Click here to read our latest report “30 Years of Trends in Terrorist and Extremist Games”

AI Tools and the Alt-Right: A Double-Edged Sword for P/CVE

AI Tools and the Alt-Right: A Double-Edged Sword for P/CVE
28th January 2025 Aurora Agnolon
In Insights

Introduction

The emergence of artificial intelligence (AI) tools represents a great resource to support prevent/counter-violent extremism (P/CVE) practitioners in their effort to reduce online extremism. However, AI is also exploited by extremists themselves, whereby they weaponize tools to avoid and evade content moderation for malign purposes. This Insight will present the main challenges posed by alt-right engagement with AI that hinder effective content removal. This includes extremists’ circumvention techniques and the exploitation of generative AI for propaganda purposes. Specifically, this Insight will assess the effectiveness of current AI programs used by platforms such as Meta and OpenAI. Finally, this Insight will provide potential solutions to contain the issue and slow the pace at which extremist propaganda is spread by enhancing the performance of AI tools in several areas to better serve P/CVE.  

Content Moderation: the Effectiveness of AI Moderation Tools

Different platforms have different approaches to moderation, using both manual and automatic detection to create safer online environments.

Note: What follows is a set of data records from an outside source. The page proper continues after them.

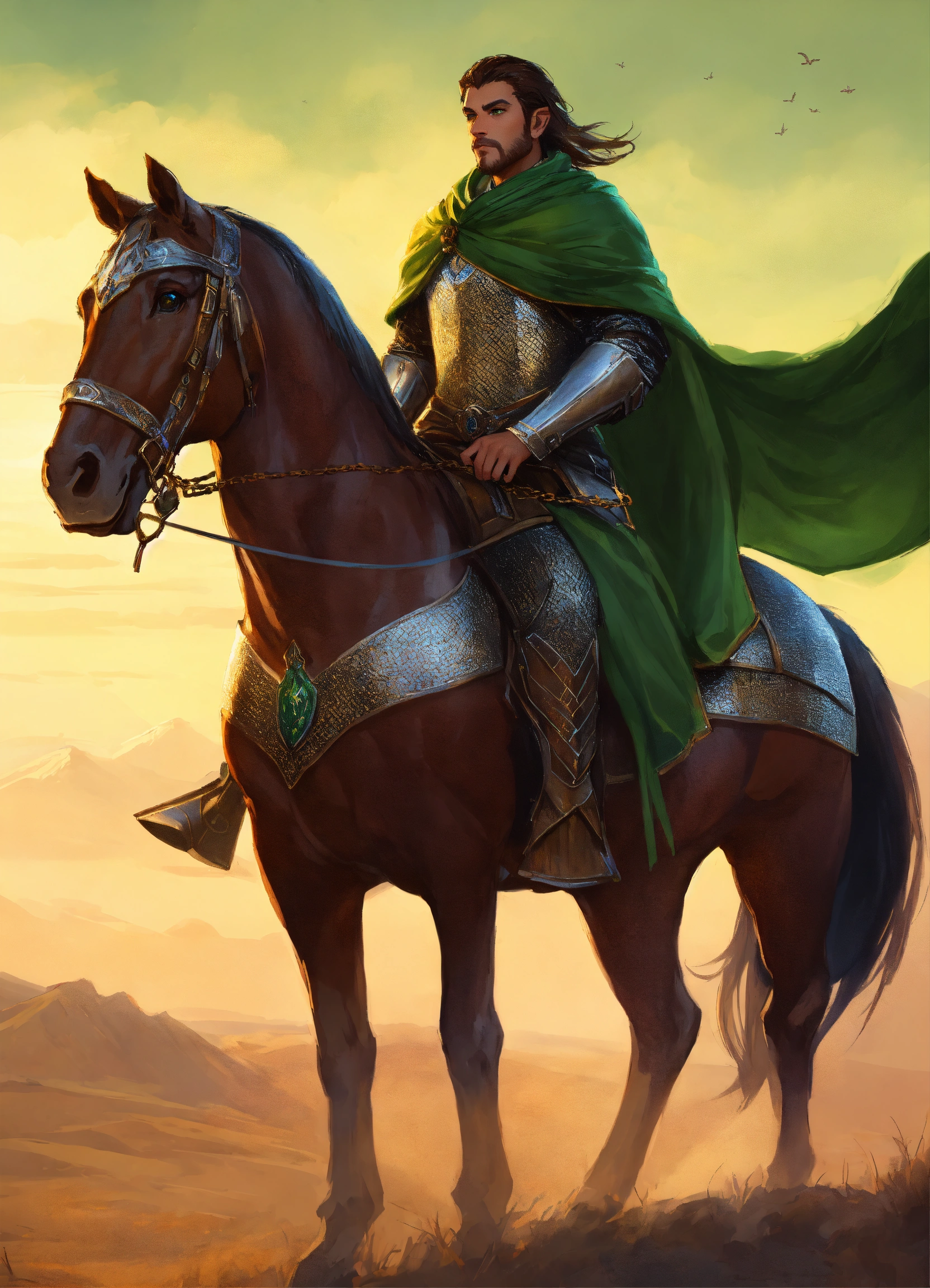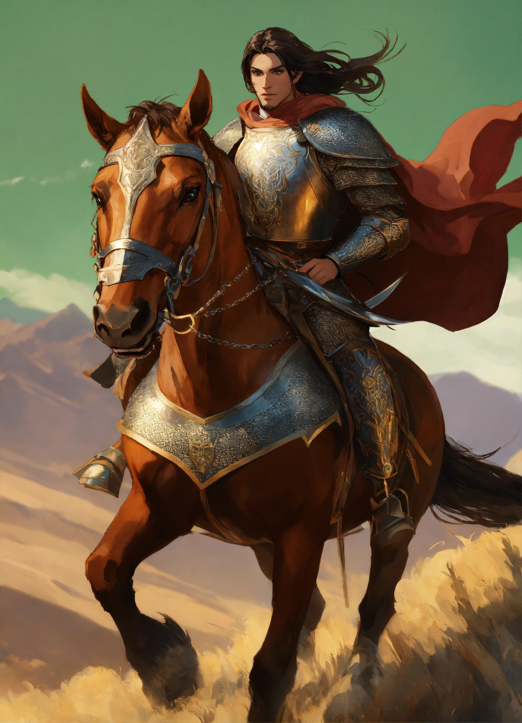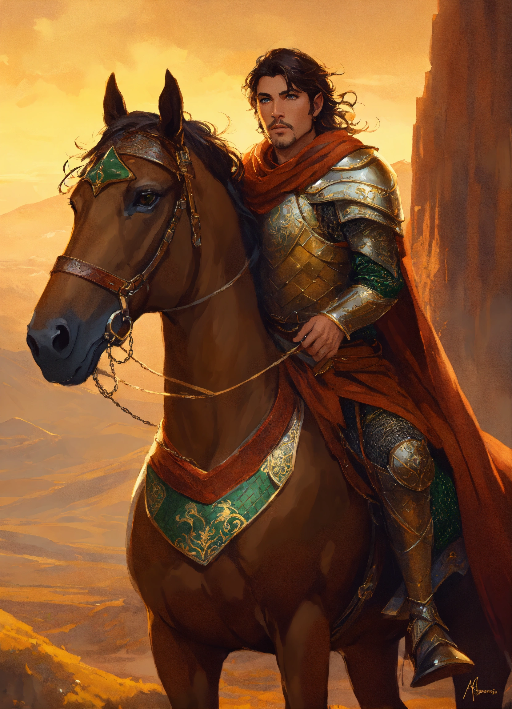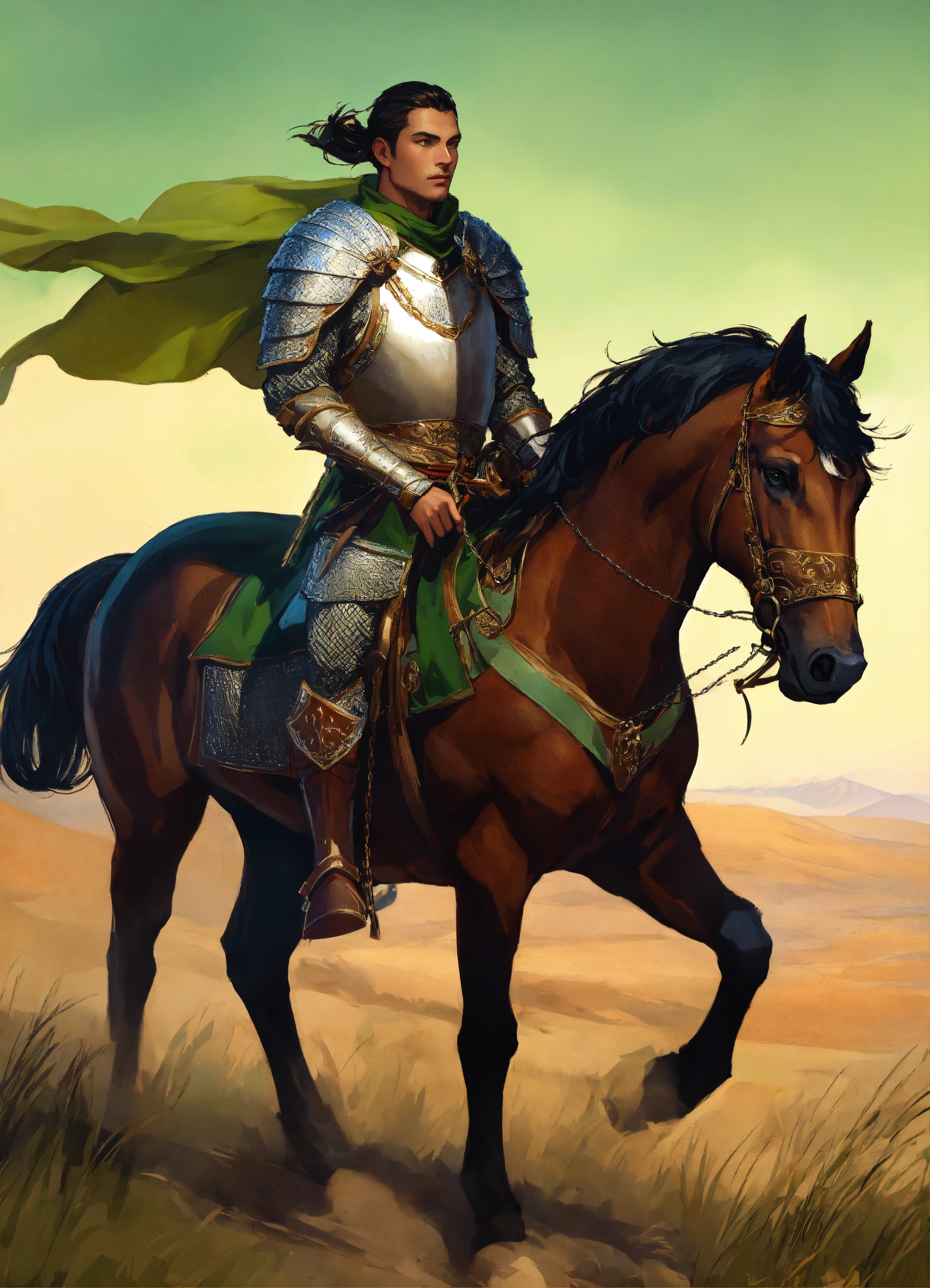 A heavily armored persian cataphract male elf in chain mail armor, riding a large brown horse that wears chainmail barding, dark brown hair, green eyes, background mongolian plains, exotic, pretty face, elegant, highly detailed, digital painting, artstation, concept art, smooth, sharp focus, illustration, art by artgerm and greg rutkowski and alphonse mucha, erte, 8 k
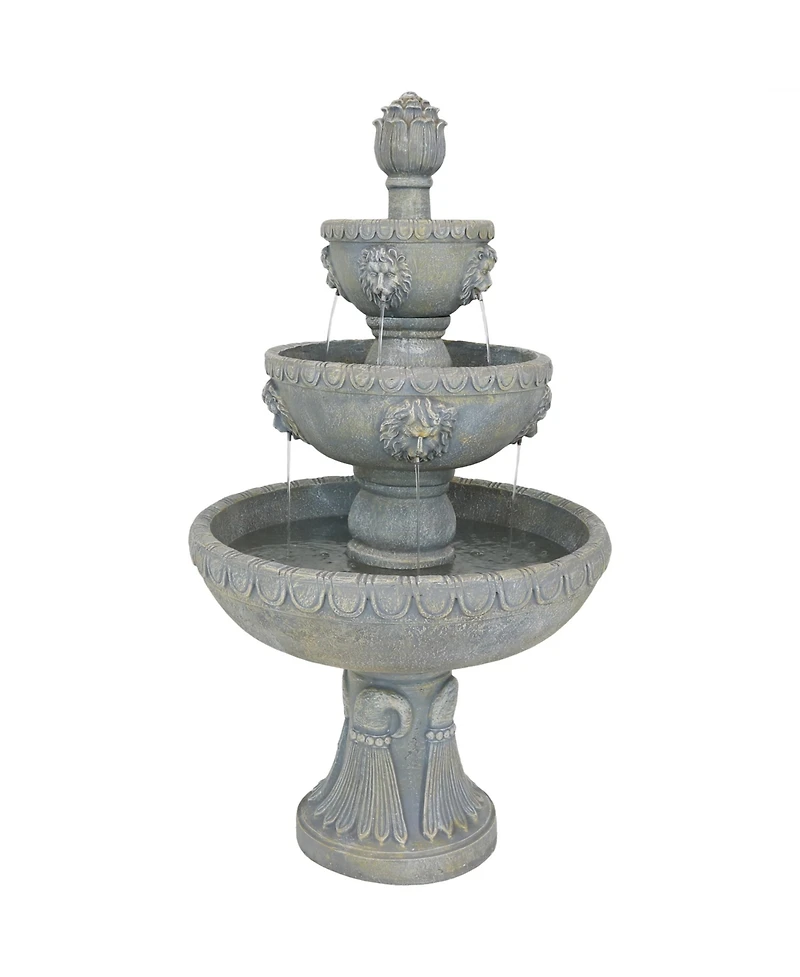 Add a regal yet relaxing touch to any outdoor space with this 3-tier fountain. Designed to look like real stone but much more durable, this fountain is sure to last through many seasons. Whether placed in the yard, garden, patio, deck, or front porch, this masterpiece will get noticed and be appreciated by all who view it. The fountain features 3 tiers. The larger lower tier has a diameter of 29"" and is 7.5"" deep. The middle tier has a 19.25"" diameter and is 6.5"" deep and the top tier has an 11.5"" diameter and is 5.5"" deep. Plus, the gentle sounds of the flowing water down the 3 tiers circulate back to the top effortless to create a soothing atmosphere that is sure to make a statement. Just set where you'd like it to go, fill with water, plug in to a standard electrical outlet, and watch the outdoor space transform into a relaxation hot spot.
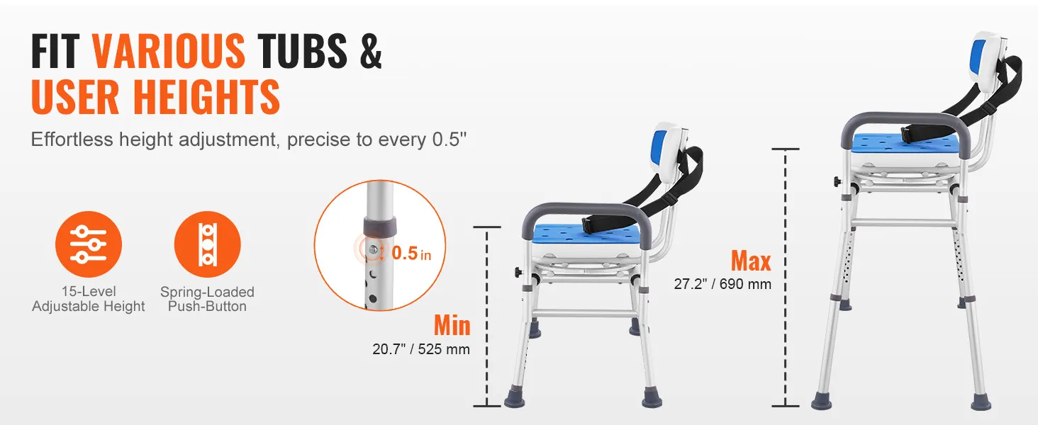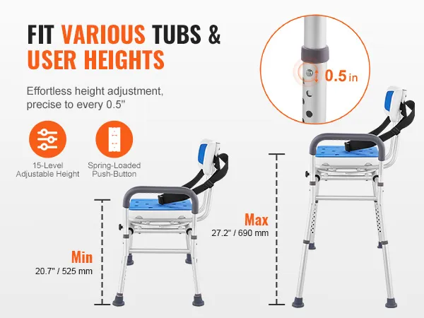 Onze schuifbad transferbank heeft 15 verschillende zithoogtes. Ze variëren van 20,7" tot 27,2". Gebruikers kunnen de bank aanpassen aan hun specifieke behoeften. De veerbelaste drukknoppen op elke poot zorgen voor snelle en veilige aanpassingen. Het is geschikt voor verschillende bad- en gebruikershoogtes. Deze functie biedt een gepersonaliseerde en comfortabele zitervaring voor alle gebruikers.
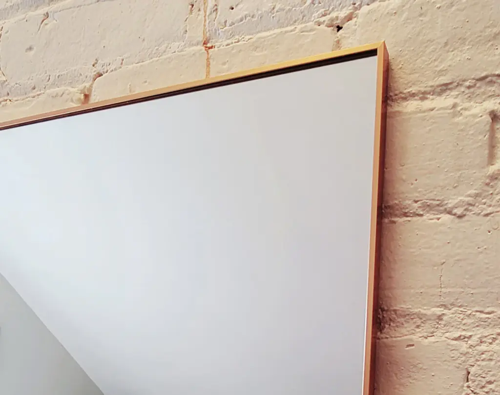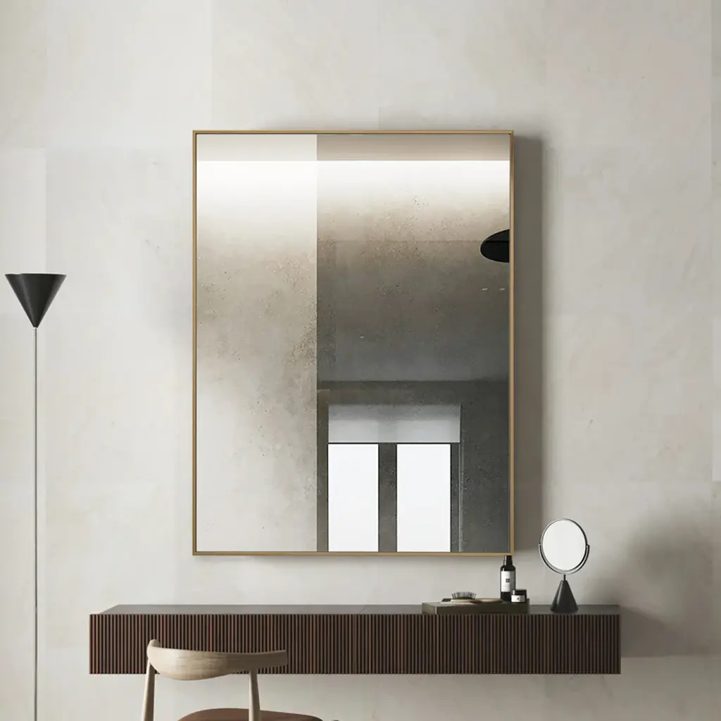 The Vanta modern metal framed mirror is part of Decor Wonderland''s En Passant Framed Collection. This gorgeous classic mirror features an ultra thin solid metal frame profile to allow your room decor to stand out, add brightness without an overpowering heavy frame. The mirror is made with premium 5mm float glass and silver. When used in a bathroom this versatile mirror suits chrome, brushed nickel or matte black fixtures. There are 3 brackets affixed to the back to hang either horizontally or vertically just chose which 2 brackets to use. Alone or in multiples, this decorative wall mirror is an easy update for any room renovation. Features: • Dcor Wonderland Vanta Mirror: Available in 31.5 in. x 23.6 in. or 39.5 in. x 29.6 in. in black or gold frames. DW MIRROR QUALITY: Made of silver which lasts longer with superior clarity, copper-free mirror, excellent resistance to humidity and distortion free from deluxe glass so there is no fun house effect • EASY TO INSTALL: Mounting brackets with screws and dry wall anchors included, hangs horizontally and vertically • ILLUMINATES and ENLARGES: This metal framed mirror can trick the eye into making your room appear larger since light bounce of the beveled edges around the room. • DESIGN TIP: When hanging your mirror above a vanity, console table, arm chair or fire place, place it 6- 8inches above the visual line • SHIPPING: Packed in double cartons with Styrofoam protectionTips on Buying MirrorsWhen buying mirrors especially for bathrooms, it is important to look for mirrors that are backed with silver. Steam from showers fills the room and combines with the metal in the mirror and will begin to rust. Double coated silver mirrors (as this one is) has the most tolerance to humidity and will last significantly longer. Silver mirrors also produce a warmer reflection than aluminum. This mirror is also made using high quality float glass. Have you ever seen a mirror where the reflection is just not right, a bit blurry or warpped reflection? Those mirrors are usually made using sheet glass. Decor Wonderland only uses float glass mirrors which have a much cleaner finish and no distortion.
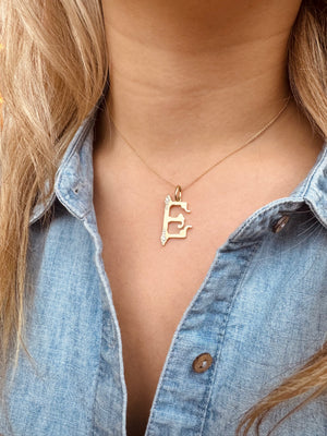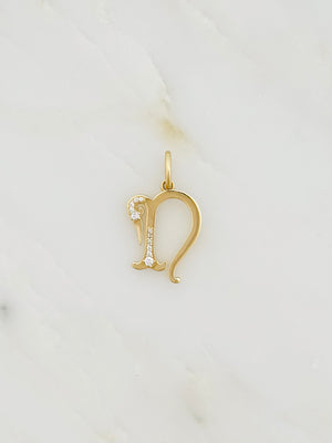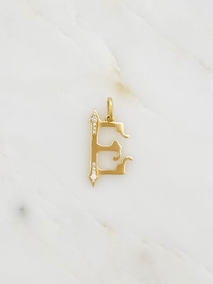 Yellow gold initial charm featuring a scattering of white diamonds.
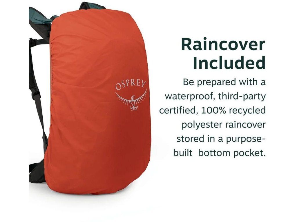 - integrovaná pláštěnka uložená v kapse na spodní straně batohu
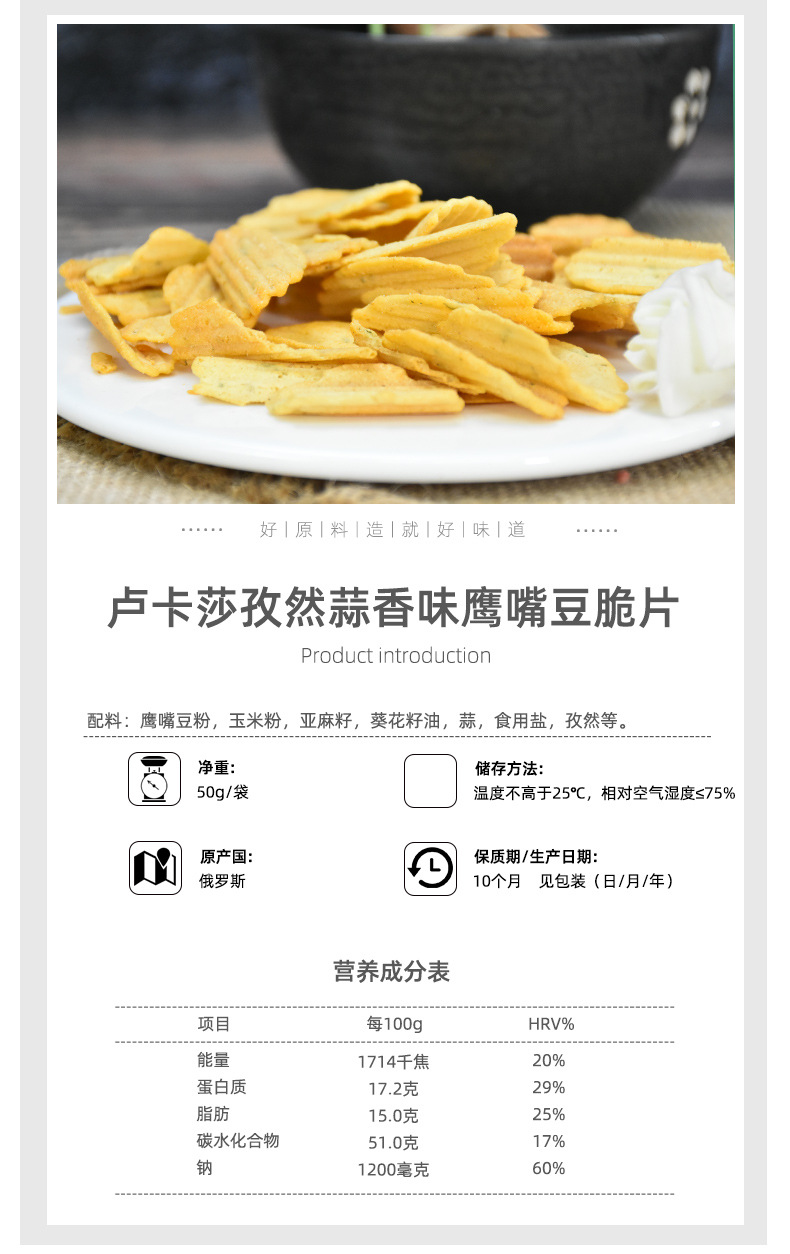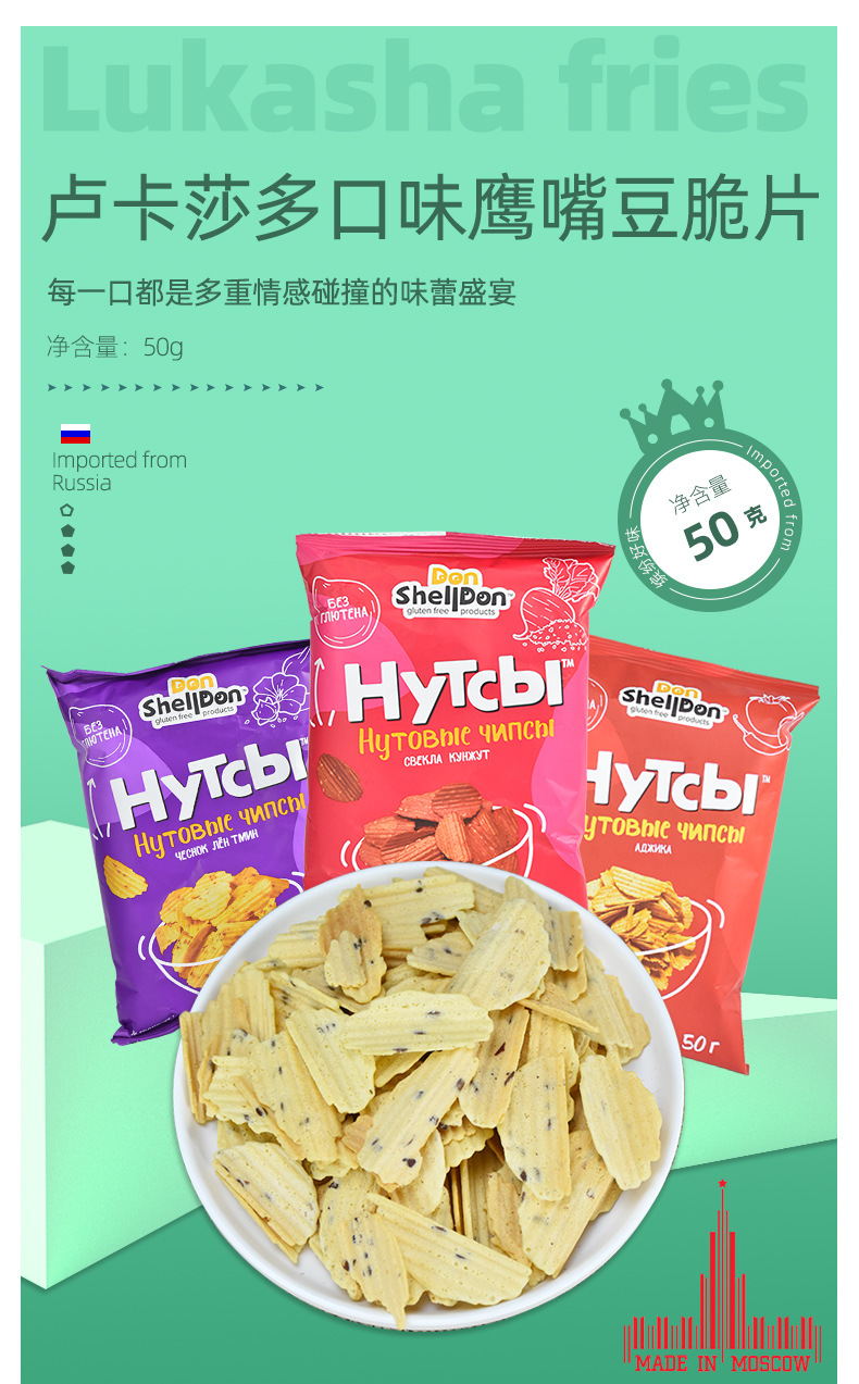 俄罗斯国家馆进口卢卡莎薯片香辣味甜芝麻味孜然蒜香味鹰嘴豆脆片 2件起批

Indeed, Meta has been improving its response to AI generated content, which applies to misinformation and extremist content as well as general AI content. These transparency measures contribute to making Meta’s platforms more hostile to extremists, compared to more lax policies on platforms like X and Reddit. For instance, Instagram’s transparency policies now require AI-generated or AI-modified content to be labelled. This does not apply to images, although Meta has a recognition system which automatically labels images detected as AI in an effort to reduce mis- and disinformation. Monitoring AI activity is just one of the enforcement measures taken to control the spread of extremist content online.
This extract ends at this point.